28 luglio 2008

COSI’ SI METTE L’UNIVERSITA’ IN GINOCCHIO

Il D.L. 112/2008 (manovra finanziaria anticipata del Governo), mina seriamente il diritto allo studio. Alessandro Venanzi, Coordinatore provinciale dei giovani del PD e Consigliere comunale di Udine e Andrea Simone Lerussi, Vicecoordinatore e rappresentante degli studenti in Senato Accademico, entrambi universitari, intervengono nel dibattito esprimendo seria preoccupazione sui provvedimenti adottati dal Governo in tema di università e ricerca.La prima denuncia riguarda la possibilità per gli atenei di trasformarsi in fondazioni private, manifestando l’intenzione di “rendere l’istruzione un privilegio riservato ai pochi che potranno permetterselo, visto che il principale introito finanziario sarà dato dalle tasse versate dagli studenti”. Nel momento in cui lo Stato decide di disimpegnarsi dal finanziare l’università, non si può pensare che gli atenei riescano a coprire le spese fisse di gestione con il mero intervento di soggetti privati (ad esempio aziende o fondazioni bancarie). “In Italia purtroppo non c’è la mentalità e la cultura dei privati a finanziare servizi (che dovrebbero essere pubblici) come accade invece negli Usa e in altri Paesi europei più virtuosi”.
Pochi giorni prima della presentazione della finanziaria, il Ministro Gelmini promise in Parlamento che avrebbe aumentato le risorse a disposizione per l’università e le avrebbe distribuite in base al merito; invece, non solo queste risorse non verranno aumentate, ma saranno al contrario drasticamente ridotte (per l’ateneo udinese l’impatto è di 15 milioni di euro) e continuano ad essere distribuite in base a criteri storici e non meritocratici (“una smentita su tutti i fronti..”).A questo inoltre si aggiunge il blocco delle assunzioni, di docenti e personale, al 20 % delle cessazioni dell’anno precedente. Numeri alla mano, su 57 cessazioni lavorative (pensionamenti e trasferimenti etc) l’università sarà vincolata a coprire questi costi assumendo solo 13 persone. ”Come si può garantire la didattica e la ricerca con una decimazione dei professori e del personale?”
Inoltre pensare che la fusione tra gli atenei di Udine e Trieste possa ridurre i costi di gestione risolvendo il problema, vuol dire non conoscere la realtà normativa e l’efficienza dell’ateneo udinese. “Anche la proposta di unificare i due Erdisu, di Udine e Trieste, non risulta, dal punto di vista studentesco, un’agevolazione per gli utenti, perché l’erogazione dei servizi è migliore se il rapporto con i fruitori degli stessi è diretto e territoriale!”

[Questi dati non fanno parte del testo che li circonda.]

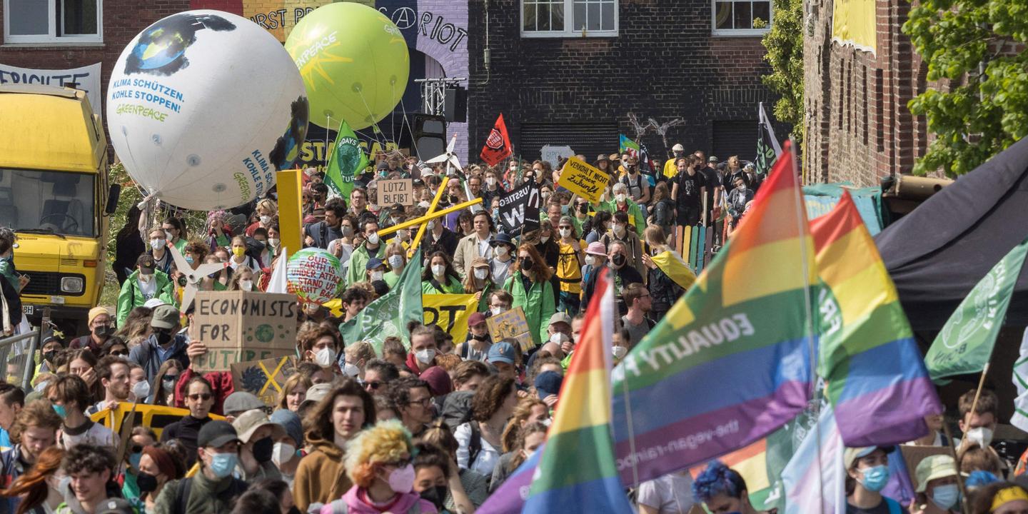 Manifestation contre la destruction du village de Lützerath pour lexpansion de la mine à ciel ouvert de charbon de Garzweiler, près de Lützerath, en Rhénanie-du-Nord-Westphalie, le 23 avril 2022. BER… [+2742 chars]

Venanzi e Lerussi, infine, chiedono ai parlamentari friulani di opporsi e di intervenire fermamente su questa parte del decreto, invitando a trattare la riforma universitaria in maniera sistematica, con una visione chiara per il futuro e non attraverso un decreto legge frettoloso non concordato con le parti in causa.Non si può credere veramente di cambiare il sistema universitario mettendo “un cappio al collo” a tutti gli atenei senza distinguere quelli più efficienti. Rimane la speranza che la Regione intervenga seriamente, a livello economico, per ridurre la drastica situazione di sottofinanziamento del nostro ateneo.
L’Università di Udine, voluta dai friulani non certo per vanità, ma per una reale utilità ed esigenza, rischia la crisi a causa della mancanza di interesse da parte del Governo su queste tematiche diverse da “intercettazioni, immunità e giustizia”.